[[ Source information open ]]
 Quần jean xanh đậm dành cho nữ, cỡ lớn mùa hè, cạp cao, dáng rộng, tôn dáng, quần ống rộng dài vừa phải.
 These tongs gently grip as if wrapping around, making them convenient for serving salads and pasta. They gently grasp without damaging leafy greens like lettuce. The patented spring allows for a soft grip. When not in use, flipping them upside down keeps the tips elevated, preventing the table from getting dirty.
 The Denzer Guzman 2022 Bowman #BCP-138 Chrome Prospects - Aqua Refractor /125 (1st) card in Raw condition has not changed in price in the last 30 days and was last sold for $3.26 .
[[ Source information closed ]]
[[ Source information open ]]
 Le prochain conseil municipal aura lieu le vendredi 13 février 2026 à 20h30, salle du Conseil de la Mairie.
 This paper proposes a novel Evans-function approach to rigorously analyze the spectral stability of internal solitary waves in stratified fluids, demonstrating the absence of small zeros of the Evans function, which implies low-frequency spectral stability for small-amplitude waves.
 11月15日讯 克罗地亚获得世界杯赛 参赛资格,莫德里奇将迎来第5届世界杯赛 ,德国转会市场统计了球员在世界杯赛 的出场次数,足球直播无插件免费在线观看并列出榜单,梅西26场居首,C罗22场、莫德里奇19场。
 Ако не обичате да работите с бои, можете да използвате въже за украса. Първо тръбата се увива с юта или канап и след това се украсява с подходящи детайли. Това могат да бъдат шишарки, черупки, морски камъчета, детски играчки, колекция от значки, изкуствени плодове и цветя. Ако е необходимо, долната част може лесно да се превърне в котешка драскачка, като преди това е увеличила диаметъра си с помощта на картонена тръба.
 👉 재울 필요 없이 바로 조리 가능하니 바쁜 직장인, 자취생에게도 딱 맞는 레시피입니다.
[[ Source information closed ]]
[[ Source information open ]]
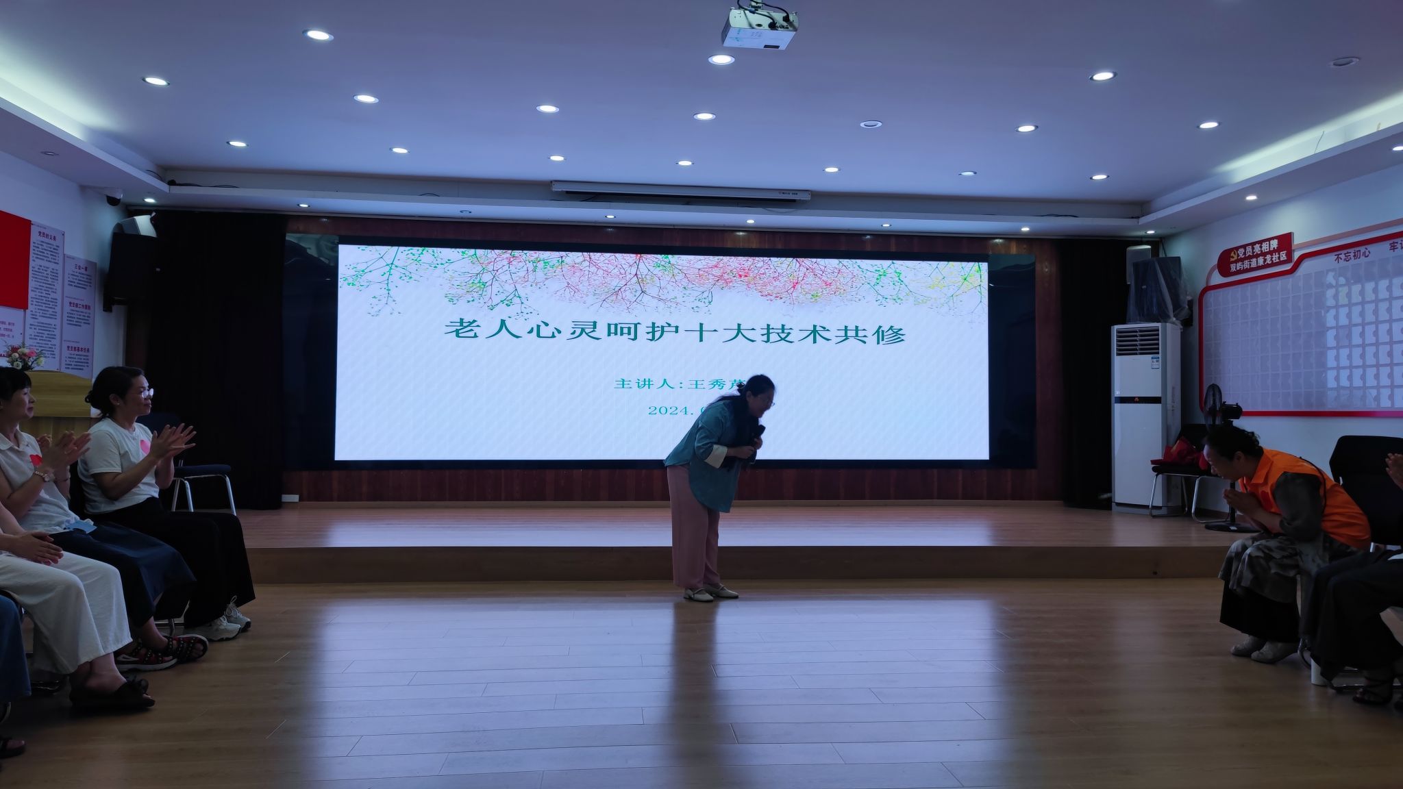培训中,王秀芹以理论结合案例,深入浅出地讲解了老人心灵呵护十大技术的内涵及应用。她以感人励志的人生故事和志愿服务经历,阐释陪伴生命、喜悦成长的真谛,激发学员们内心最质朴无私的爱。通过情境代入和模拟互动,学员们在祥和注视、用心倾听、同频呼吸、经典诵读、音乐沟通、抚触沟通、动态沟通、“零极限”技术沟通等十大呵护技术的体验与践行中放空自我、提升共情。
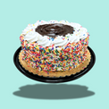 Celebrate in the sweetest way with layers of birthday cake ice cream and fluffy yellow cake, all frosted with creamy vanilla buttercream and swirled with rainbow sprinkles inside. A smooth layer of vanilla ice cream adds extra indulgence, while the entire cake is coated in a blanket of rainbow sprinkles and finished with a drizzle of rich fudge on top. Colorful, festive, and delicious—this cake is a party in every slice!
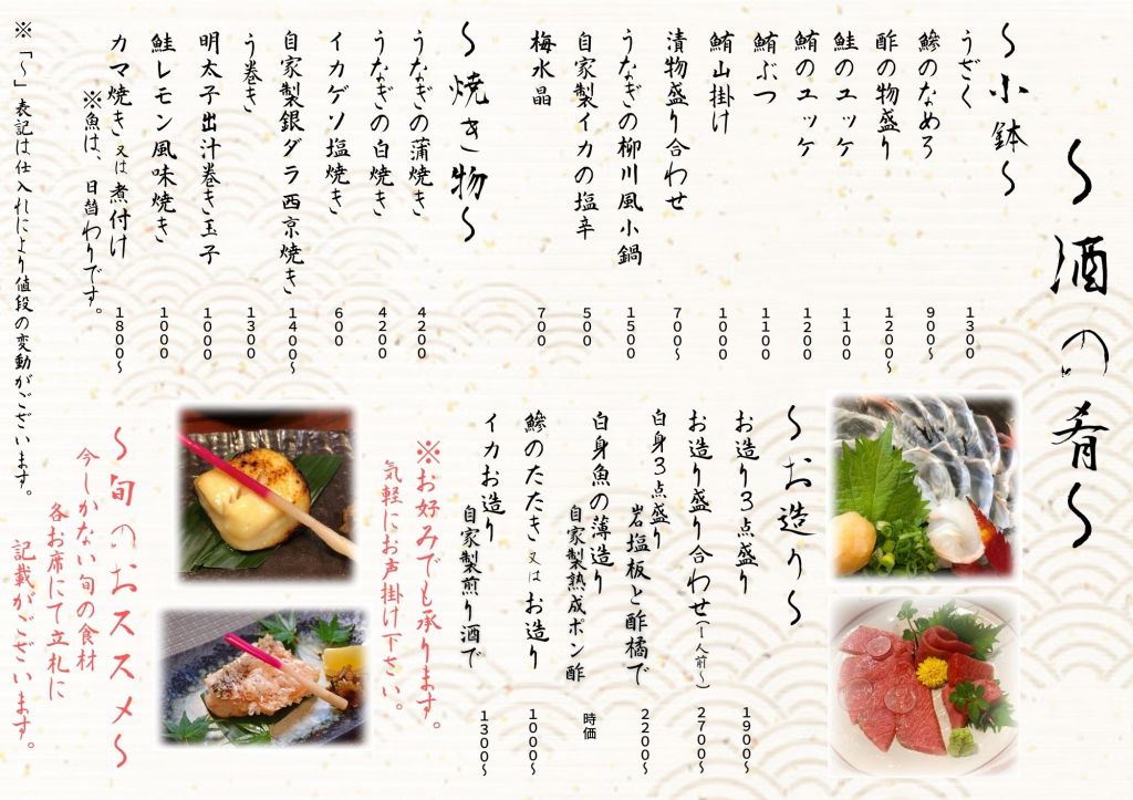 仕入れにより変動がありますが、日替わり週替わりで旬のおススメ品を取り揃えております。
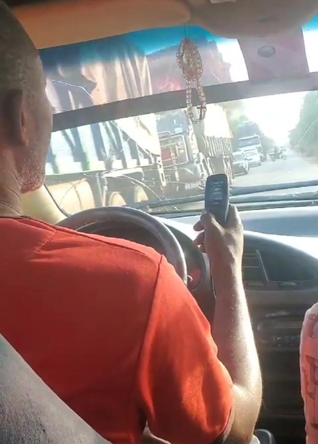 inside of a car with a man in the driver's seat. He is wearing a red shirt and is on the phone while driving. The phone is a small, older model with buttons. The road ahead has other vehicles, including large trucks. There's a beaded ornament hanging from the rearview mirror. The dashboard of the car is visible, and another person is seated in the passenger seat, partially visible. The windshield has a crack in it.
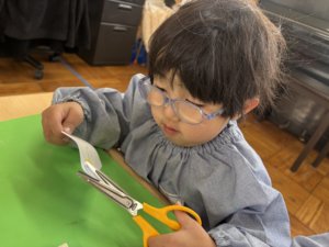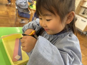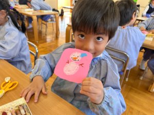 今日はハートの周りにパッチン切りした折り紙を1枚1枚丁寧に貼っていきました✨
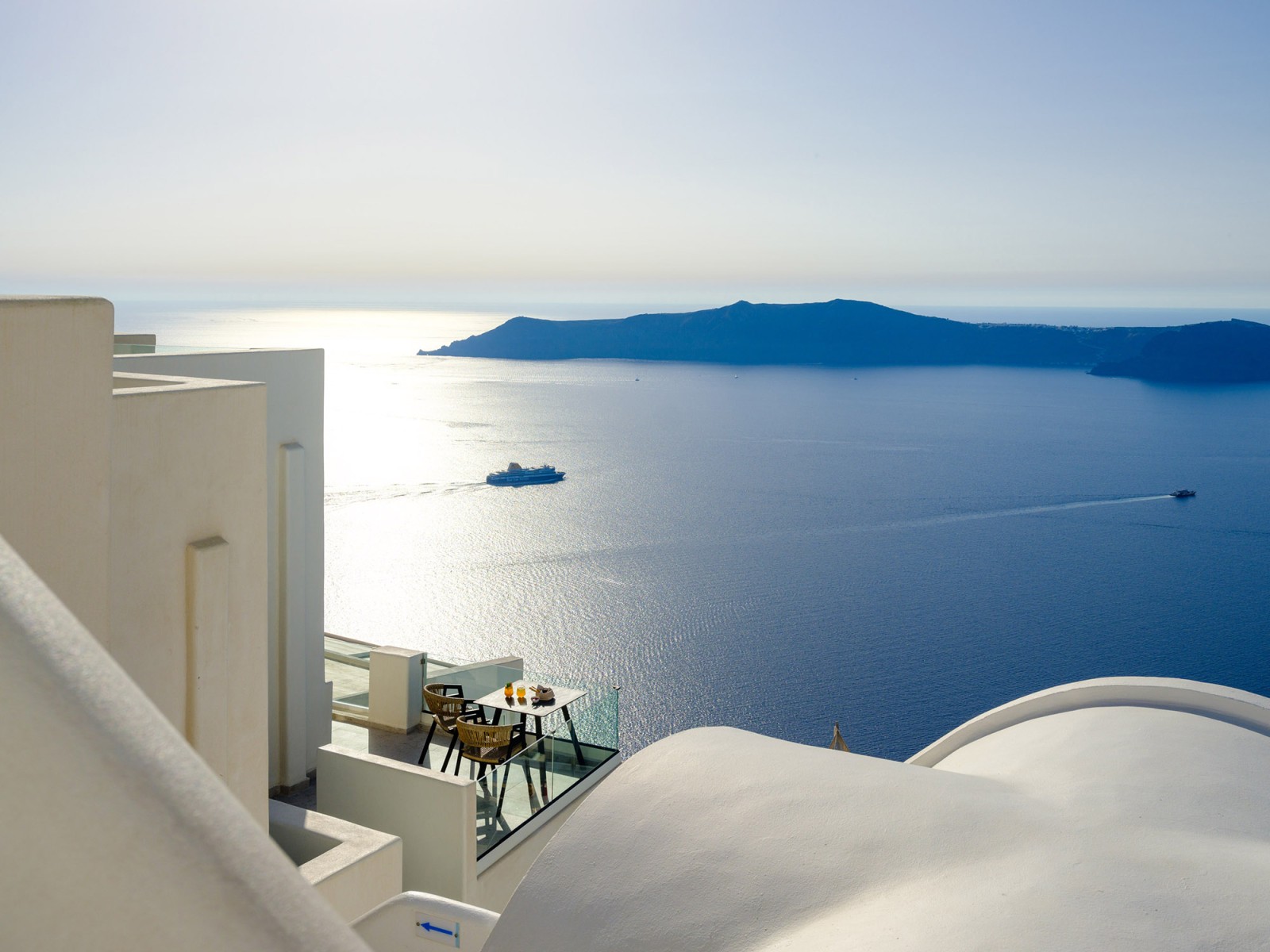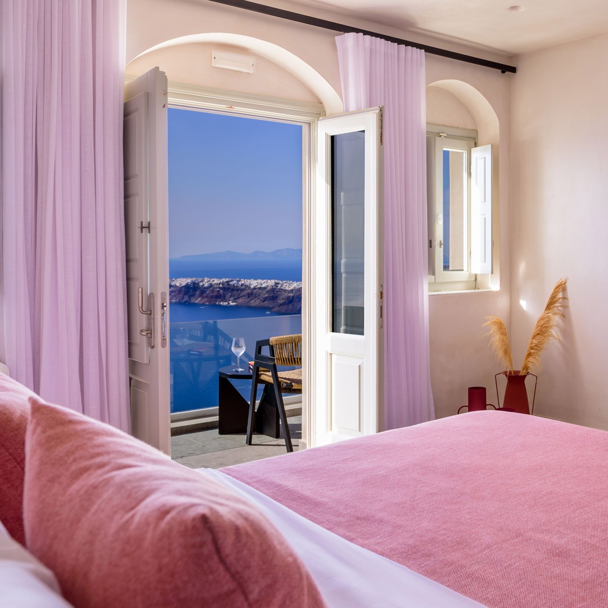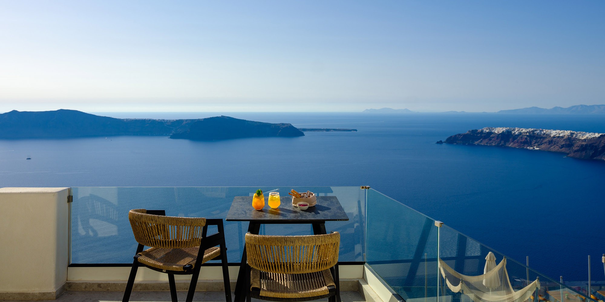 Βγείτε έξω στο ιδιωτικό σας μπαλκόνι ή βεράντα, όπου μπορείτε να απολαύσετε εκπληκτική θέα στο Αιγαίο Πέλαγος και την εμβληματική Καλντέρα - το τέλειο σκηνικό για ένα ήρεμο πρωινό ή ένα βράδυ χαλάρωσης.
[[ Source information closed ]]
▶ What you should do: Copy out only the lines above from the one with "Le prochain conseil" to the one with "This paper proposes", inclusive, exactly as they stand.

▶ The completed task:
 Le prochain conseil municipal aura lieu le vendredi 13 février 2026 à 20h30, salle du Conseil de la Mairie.
 This paper proposes a novel Evans-function approach to rigorously analyze the spectral stability of internal solitary waves in stratified fluids, demonstrating the absence of small zeros of the Evans function, which implies low-frequency spectral stability for small-amplitude waves.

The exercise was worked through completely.